我们分析了13项全国代表性横断面调查(2015 - 2019年)的数据,包括年龄在15 - 59岁接受抗逆转录病毒治疗(ART)且有有效血浆病毒载量结果的艾滋病毒感染者。我们使用调查权重估计了病毒载量<1000 c/mL的参与者中病毒载量<200 c/mL和≤50 c/mL的比例,整体情况以及接受ART≥12个月者中的比例。
在13个国家的16,533名艾滋病毒感染者中,87.3%的病毒载量<1000 c/mL。对于病毒载量<1000 c/mL的艾滋病毒感染者,95.4%的病毒载量<200 c/mL,84.9%的病毒载量≤50 c/mL。在接受ART≥12个月的人群中,9并接受抗逆转录病毒治疗的艾滋病毒感染者,以提供有关病毒载量检测结果的信息。
我们分析了13项全国代表性横断面调查(2015 - 2019年)的数据,这些调查对象为年龄在15 - 59岁、接受抗逆转录病毒治疗且有有效血浆病毒载量结果的艾滋病毒感染者。我们使用调查权重估计了病毒载量<1000 c/mL的参与者中病毒载量<200 c/mL和≤50 c/mL的比例,包括总体情况以及接受抗逆转录病毒治疗≥12个月者的情况。
在13个国家的16,533名艾滋病毒感染者中,87.3%的病毒载量<1000 c/mL。对于病毒载量<1000 c/mL的艾滋病毒感染者,95.4%的病毒载量<200 c/mL,84.9%的病毒载量≤50 c/mL。在接受抗逆转录病毒治疗≥12个月的人群中,96.6%的病毒载量<200 c/mL,87.4%的病毒载量≤50 c/mL。
大多数病毒载量<1000 c/mL的艾滋病毒感染者的病毒载量<200 c/mL且≤50 c/mL,这表明没有性传播艾滋病毒的风险。
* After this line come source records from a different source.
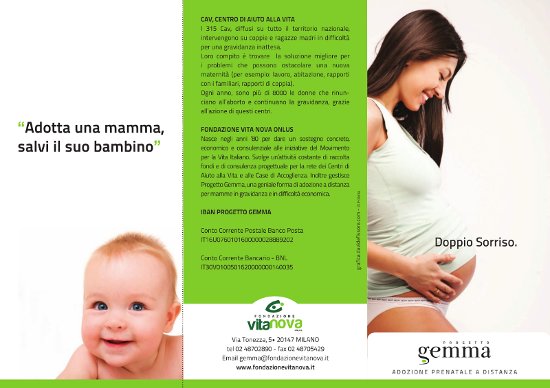Nel 1994 è nato Progetto Gemma, servizio per l’adozione prenatale a distanza di madri in difficoltà, tentate di non accogliere il proprio bambino. Una mamma in attesa nasconde sempre nel suo grembo una gemma (un bambino) che non andrà perduta se qualcuno fornirà l’aiuto necessario. Progetto Gemma offre ad una mamma un sostegno economico che le può consentire di portare a termine con serenità il periodo di gestazione, accompagnandola nel primo anno di vita del bambino. E’ un’idea in più per collaborare con gli oltre 331 Centri di aiuto alla vita che offrono in tutta Italia accoglienza e sostegno alle maternità più contrastate. Il contributo degli adottanti è un segno tangibile di presenza e di aiuto concreto, nonché una prima risposta per dare coraggio alle mamme. Attraverso questo servizio, con un contributo minimo mensile di 160 euro, si può adottare per 18 mesi una mamma e il suo bambino. Chiunque può fare queste adozioni: singoli, famiglie, gruppi parrocchiali, di amici o di colleghi, comunità religiose, condomini e classi scolastiche. Hanno aderito al Progetto anche Consigli comunali e perfino gruppi di carcerati. Spesso l’adozione viene proposta come dono per matrimoni, battesimi, nascite o in ricordo di una persona cara. Dal 1994 al 2011, i bambini nati grazie a Progetto Gemma sono stati circa 15.000 e solo per l’anno 2011 le mamme aiutate sono state più di 1000. Che gioia sapere che un bambino è nato e una madre non ha abortito grazie alla tua solidarietà: sentirsi non solo genitori di un bambino, ma anche fratello o sorella di una mamma che finalmente sorride.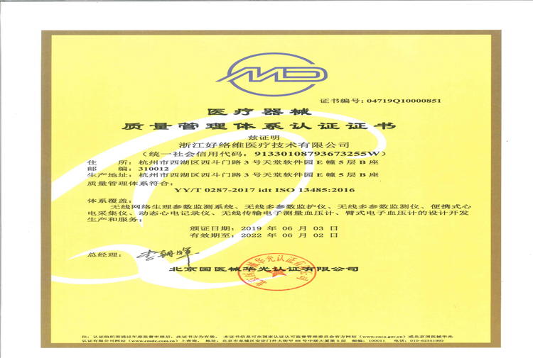 醫(yī)療器械質(zhì)量管理體系認(rèn)證證書ISO13485:2016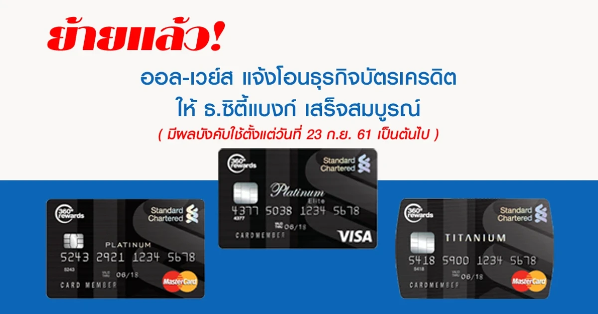 ย้ายแล้ว! ออล-เวย์ส แจ้งโอนธุรกิจบัตรเครดิตให้ ธ.ซิตี้แบงก์ เสร็จสมบูรณ์ มีผลตั้งแต่ 23 ก.ย. 61 เป็นต้นไป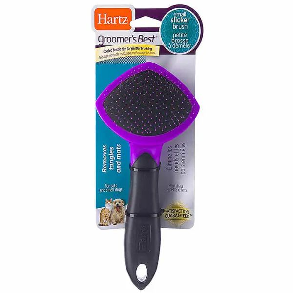Hartz Groomers Cepillo Pequeño, esta desarrollado con peluqueros profesionales para eliminar, desenredar y quitar nudos de mascotas pequeñas.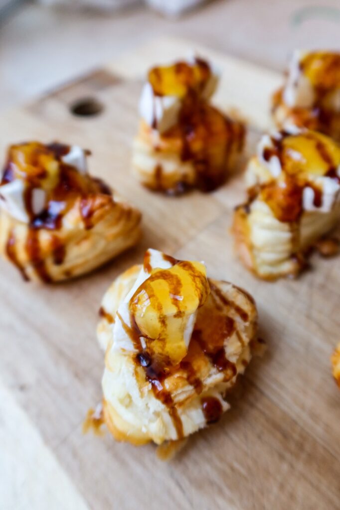 Smördegspuffar med brieost och balsamico

我们的研究结果提供了证据,即在依赖干血斑病毒载量检测的环境中,大多数病毒载量<1000 c/mL的艾滋病毒感染者的病毒载量可能低于200 c/mL,或者根据检测方法的较低检测下限是检测不到的。 6.6%的病毒载量<200 c/mL,87.4%的病毒载量≤50 c/mL。
大多数病毒载量<1000 c/mL的艾滋病毒感染者的病毒载量<200 c/mL且≤50 c/mL,这表明没有性传播艾滋病毒的风险。我们的研究结果提供了证据,即在依赖干血斑病毒载量检测的环境中,大多数病毒载量<1000 c/mL的艾滋病毒感染者的病毒载量可能低于200 c/mL,或者根据检测方法的较低检测下限是检测不到的。